Updated: May 22, 2020

by Erin Conway-Smith (Ottawa Citizen)

Being commissioned to create a totem pole was an honour for someone who used to carve for fun. Erin Conway-Smith reports.

Peter Van Adrichem learned to wield a chain-saw as a young boy growing up on his family's dairy farm near Winchester. In university, the self-described farm boy studied agriculture, all the while showing a,deft ability to carve wood - a hobby for more than 20 years.

When Mr. Van Adrichem was laid off from his job in soil and water conservation six years ago, he was forced to find new work. "I thought, well, we'll just change a hobby into a full-time and occupation and it's worked' out really well," he said.

Mr. Van Adrichem opened Fleetwood Studio and began selling his wood carvings on a full-time basis: It was during the ice storm of 1998 that he turned his chainsaw into an artist's tool. "There was so much wood I picked up around the country-side, I thought I'd better do something with it," he said.

The 47-year-old man now uses his chainsaw to carve pieces of Canadiana on commission: bears, beavers, wolves, Canada geese. Recently, he put his 'chainsaw to a much taller order.
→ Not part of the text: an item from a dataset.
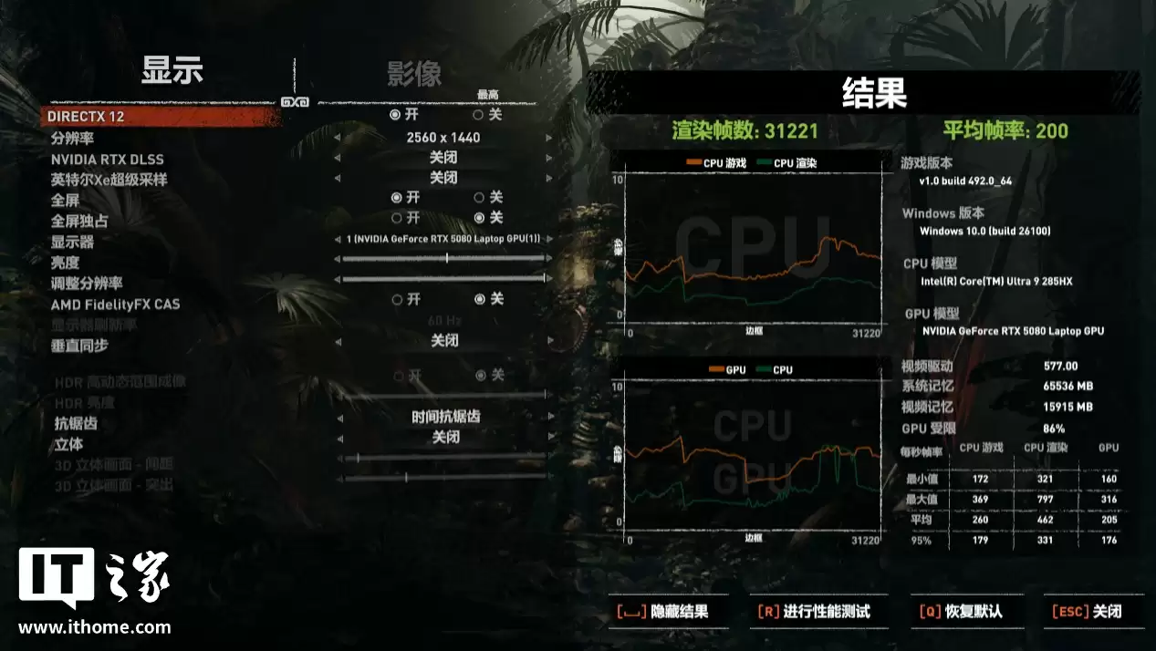 作为光栅性能的代表测试项目,使用游戏自带基准测试:

Mr. Van Adrichem was commissioned by Bill Tomlinson, a contractor who lives in Manotick, to carve a totem pole to stand outside his cottage on the St. Lawrence River.

Mr. Tomlinson said he looked far and wide to find someone who could undertake such a large carving. He talked to wood carvers in the U.S., B.C., and across Ontario before finding Mr. Van Adrichem in his own backyard.

"This is the major piece of my carving career," Mr. Van Adrichem said.

The two men spent last winter researching traditional Haida designs. They studied pictures in library books and took a trip to view the totem poles at the Museum of Civilization.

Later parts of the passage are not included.